As of June 2014, the district has an enrollment of 11,091 students. Approximately one-quarter of students are from military families, and one half are from families economically dependent on the US Navy.
It consists of CK High and Middle school, Klahowya, and other schools like Ridgetop or Fairview

==Superintendent==
The Superintendent of CK Schools is Dr. Erin Prince, replacing Mr.

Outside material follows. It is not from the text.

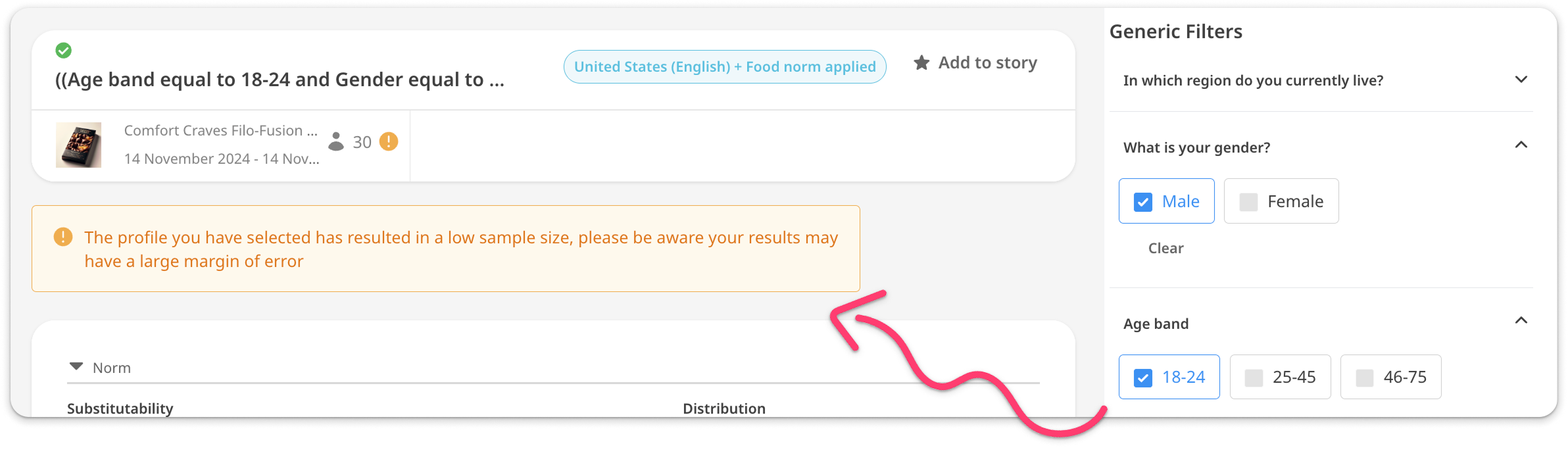 As you adjust your filters, the base size reflected in your analysis will drop. Take caution with conclusions drawn based on small numbers of people.
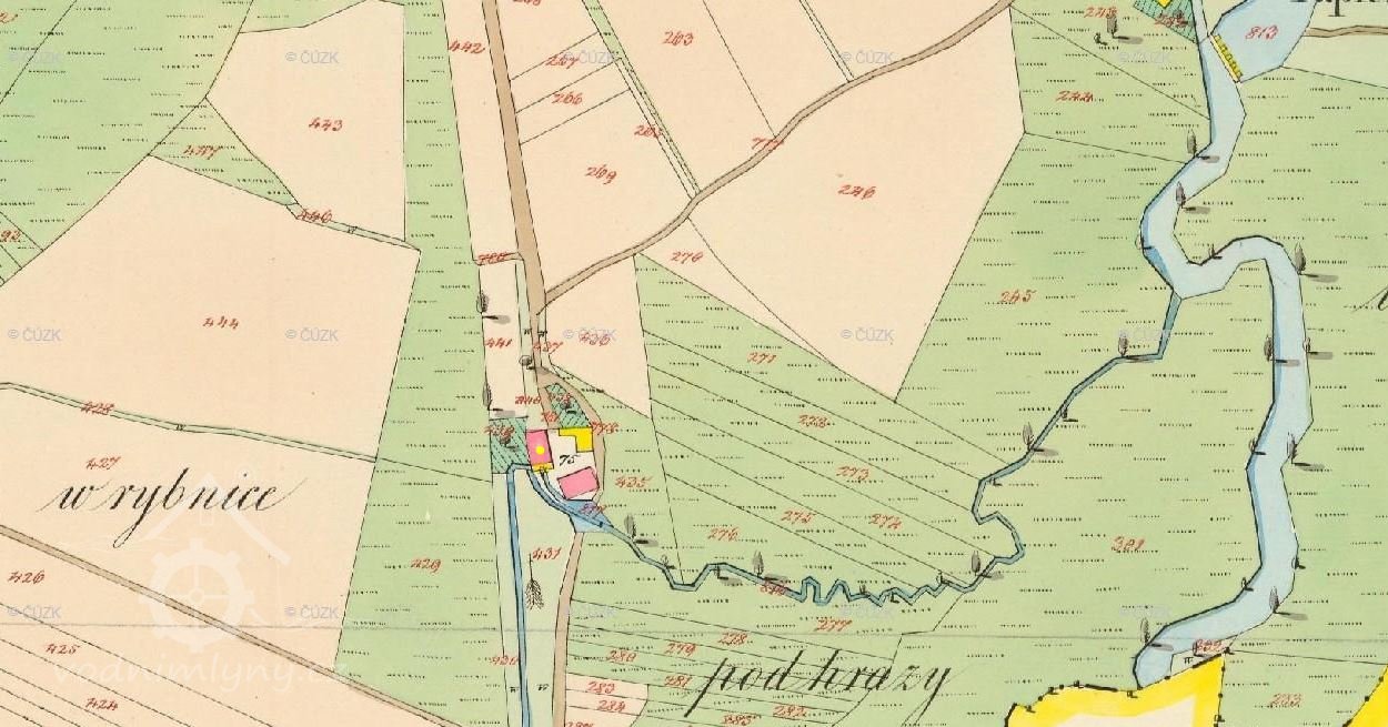 Mlýn stával původně pod hrází velkého rybníka, na staré mapě označeného jako mlýnský, po jeho zrušení přiváděl vodu ke mlýnu značně dlouhý náhon, ze kterého se dochoval horní úsek a malá část u mlýna.

David McViker.

==Schools==
===High schools===
- Central Kitsap High School (Silverdale)
- Klahowya Secondary School (Grades 6-12) (Silverdale)
- Olympic High School (Bremerton)

===Middle schools===
- Central Kitsap Middle School (Silverdale)
- Fairview Middle School (Bremerton)
- Ridgetop Middle School (Silverdale)

===Elementary schools===
- Brownsville Elementary (Bremerton)
- Clear Creek Elementary (Silverdale; near Bangor)
- Cottonwood Elementary (Bremerton)
- Cougar Valley Elementary (Silverdale)
- Emerald Heights Elementary (Silverdale)
- Esquire Hills Elementary (Bremerton)
- Green Mountain Elementary (Bremerton)
- Hawk Elementary at Jackson Park (Bremerton)
- Pinecrest Elementary (Bremerton)
- Silverdale Elementary (Silverdale)
- Silver Ridge Elementary (Silverdale)
- Woodlands Elementary (Bremerton)

===K-12 Community School===
- Barker Creek Community School (Bremerton)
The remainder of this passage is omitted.